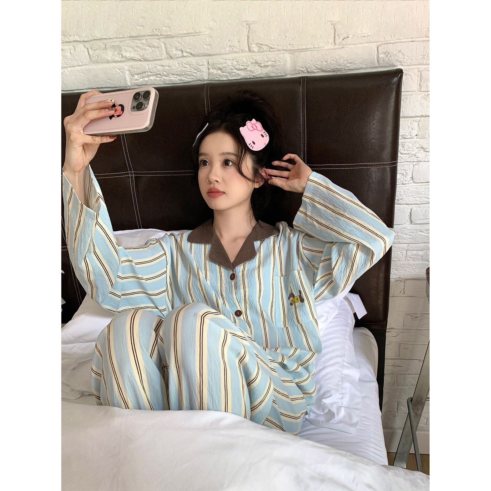纯棉全棉家居服套装 美标睡衣裙 春秋长袖 清仓 男女情侣福利 特价
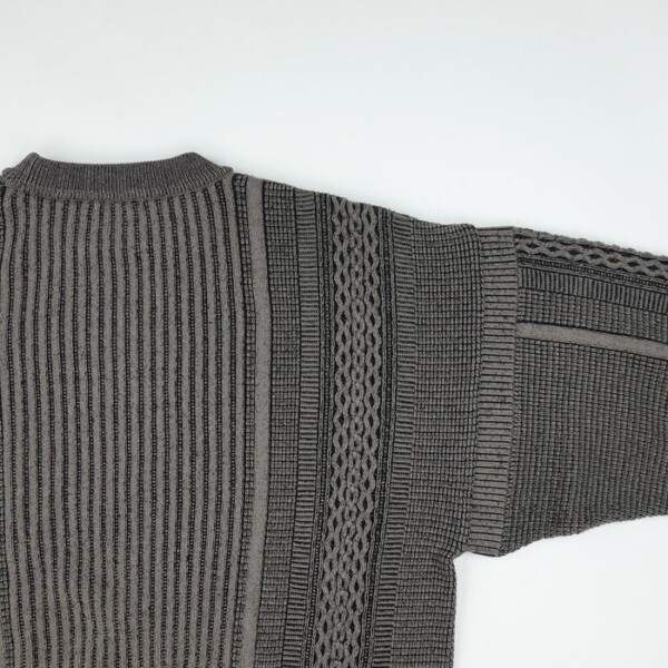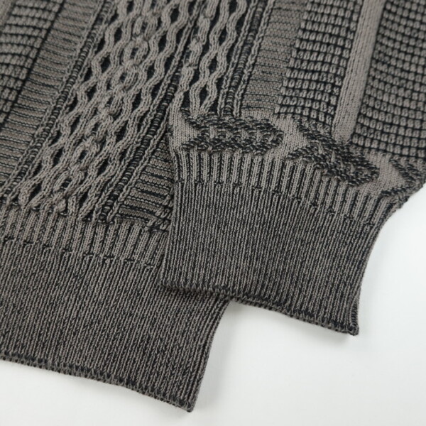 10ゲージ6本取りの編み地は、目が詰まっていてしっかりとした作りなので、型崩れしにくく、長く愛用できる一着です。
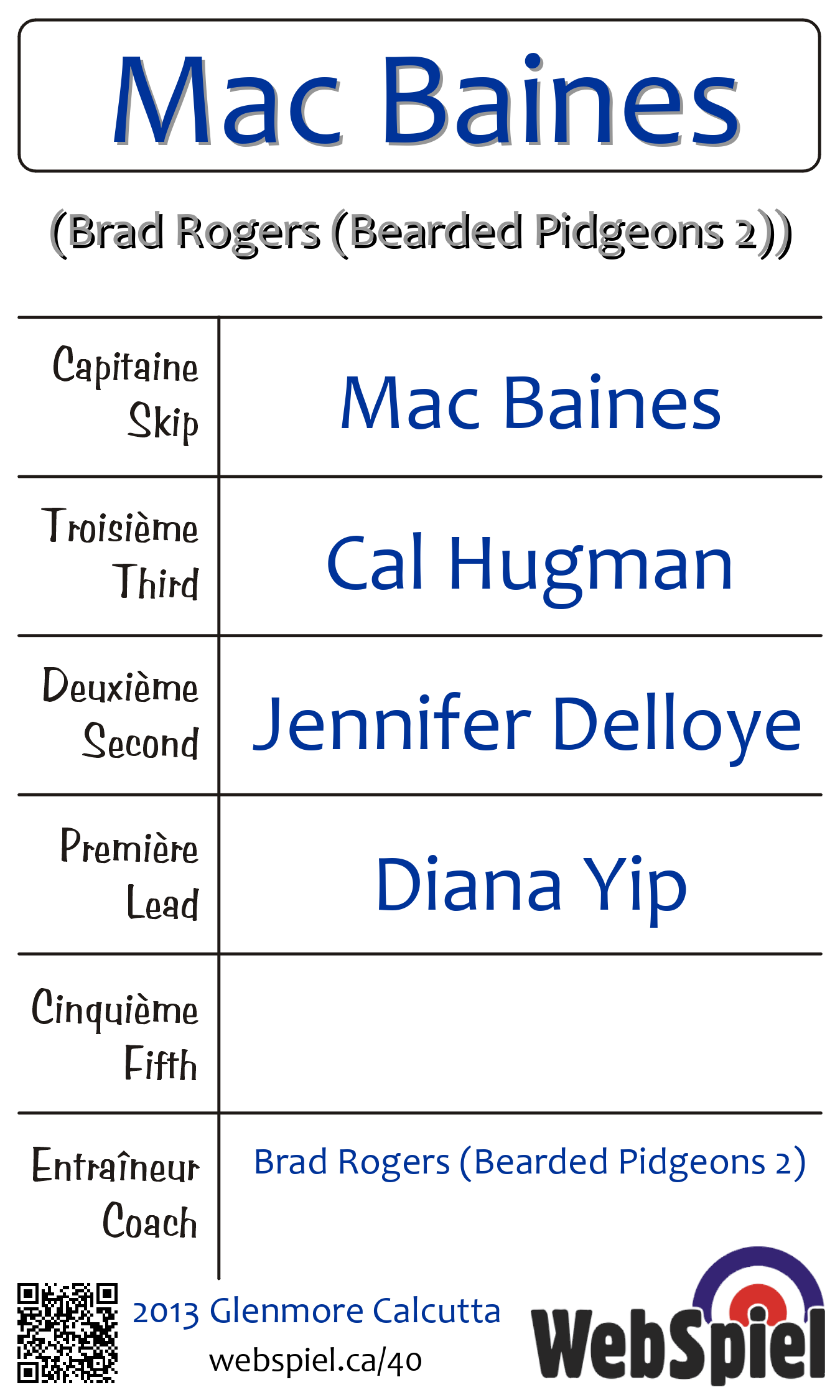 | Club | (Brad Rogers (Bearded Pidgeons 2)) Glenmore Curling Club 120 rue Glenmore Dollard-des-Ormeaux, QC H9B 2X9 CANADA T: 514-684-6350 F: 514-684-6352 http://www.glenmorecurling.com 4 glaces |
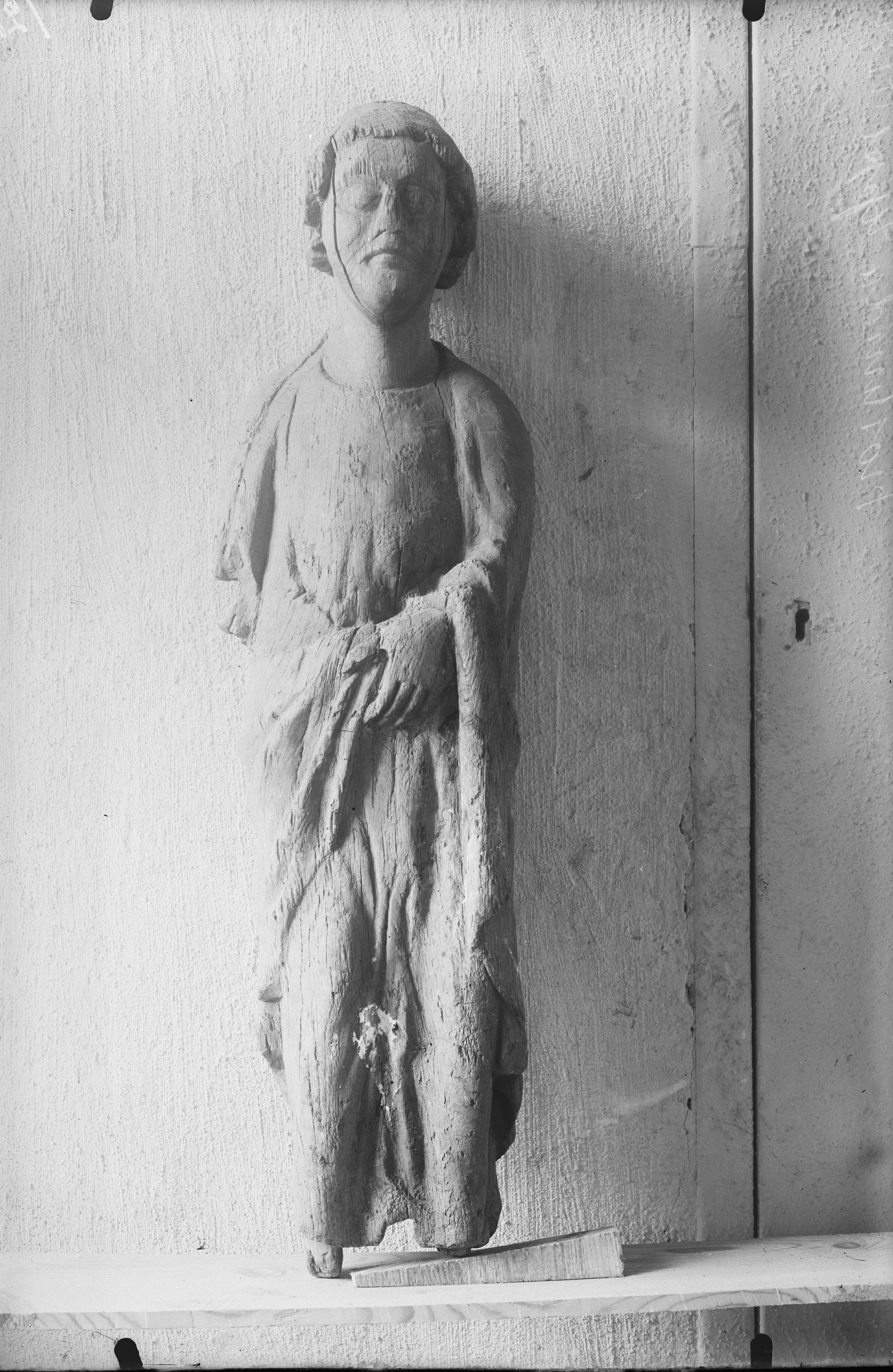 Skulptur, trä, manligt helgon, 1300-talets andra hälft.
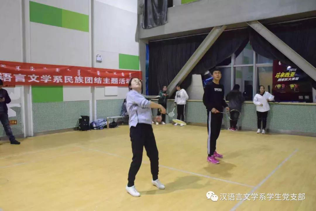 为丰富和活跃学生文体生活,促进各民族学生交流交往交融,10月20日,汉语言文学系学生党支部举办以民族团结为主题的羽毛球比赛,来自我系的学生党员、发展对象和入党积极分子共计50余人参加了这次比赛。
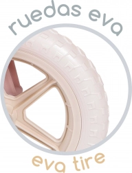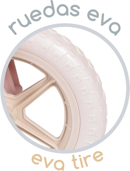 Praktične značajke za udobnost i sigurnost: bezzračne EVA gume ne mogu se probušiti i ne zahtijevaju održavanje, ergonomično oblikovano sjedalo raste s djetetom, a gumirani rukohvati štite male ruke. Stabilnost upotpunjuju čvrst okvir i blatobrani za čišću vožnju.
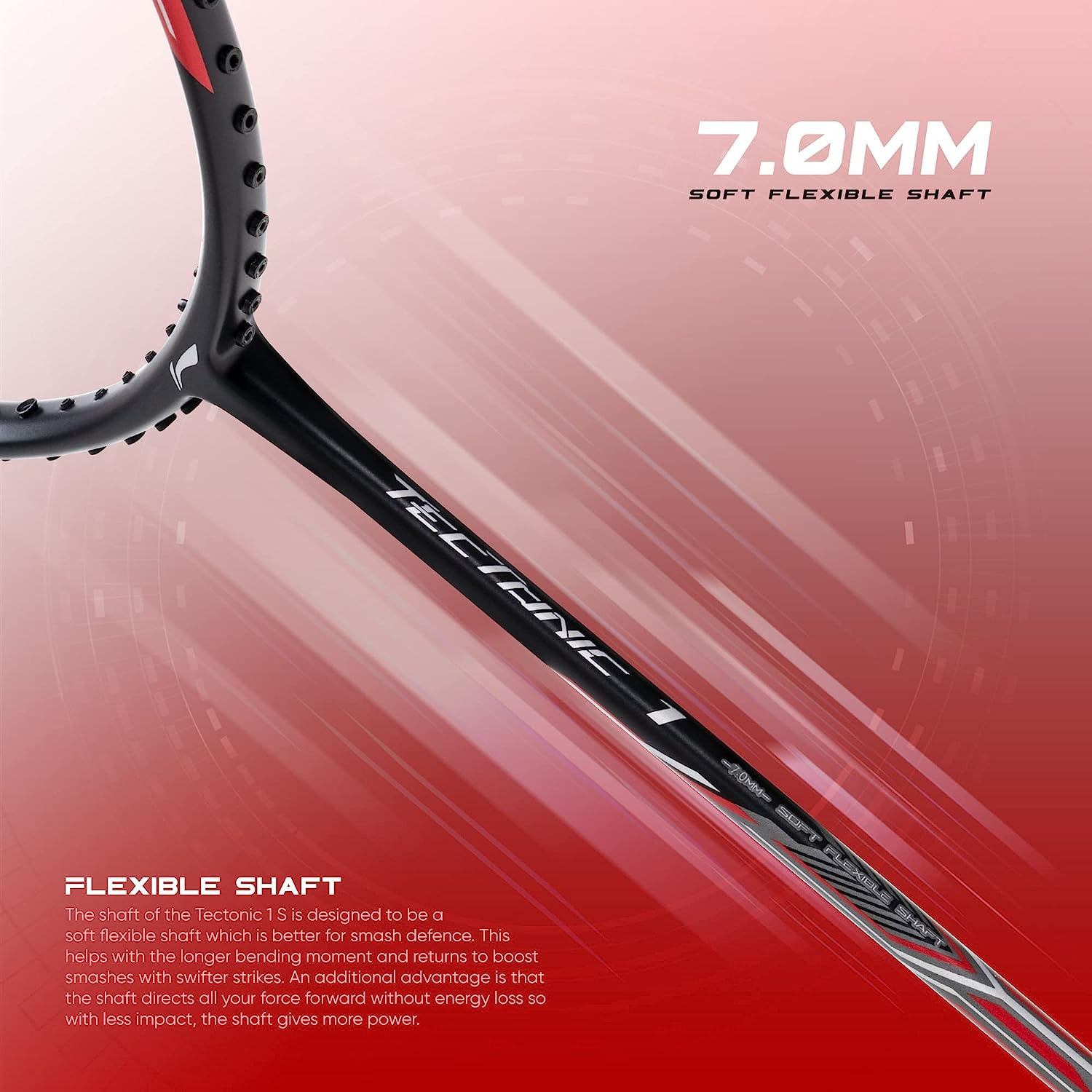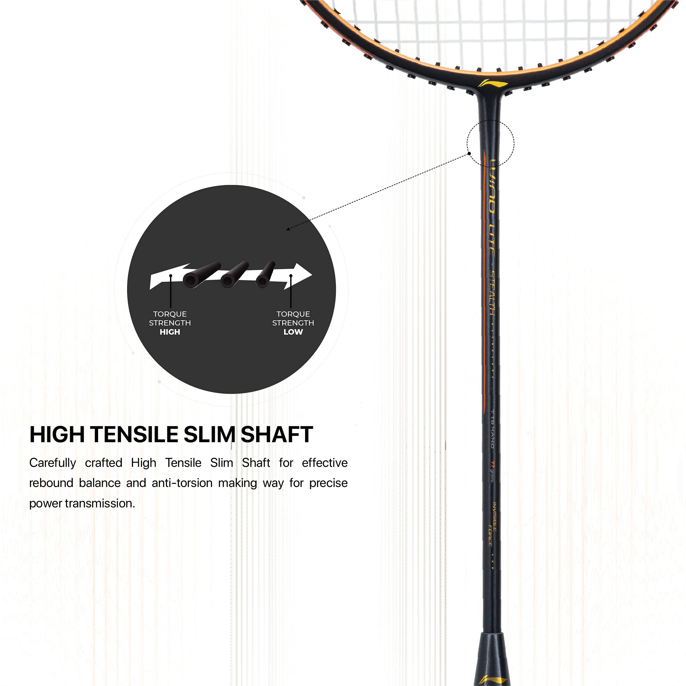 The inclusion of the Aerotec Beam System minimizes air resistance, giving players an aerodynamic advantage that is especially important for speed-type playstyles. Paired with the Stabilized Torsion Angle, the racquet maintains superior frame stability, resisting twisting during off-center hits and enabling cleaner, more accurate shuttle placement.

-.-.-

Copy exactly the lines from the line that has "为丰富和活跃学生文体生活,促" through the last line of the entries above, inclusive, and no others. Pictures do not go in the copy.

Response
 为丰富和活跃学生文体生活,促进各民族学生交流交往交融,10月20日,汉语言文学系学生党支部举办以民族团结为主题的羽毛球比赛,来自我系的学生党员、发展对象和入党积极分子共计50余人参加了这次比赛。
 Praktične značajke za udobnost i sigurnost: bezzračne EVA gume ne mogu se probušiti i ne zahtijevaju održavanje, ergonomično oblikovano sjedalo raste s djetetom, a gumirani rukohvati štite male ruke. Stabilnost upotpunjuju čvrst okvir i blatobrani za čišću vožnju.
 The inclusion of the Aerotec Beam System minimizes air resistance, giving players an aerodynamic advantage that is especially important for speed-type playstyles. Paired with the Stabilized Torsion Angle, the racquet maintains superior frame stability, resisting twisting during off-center hits and enabling cleaner, more accurate shuttle placement.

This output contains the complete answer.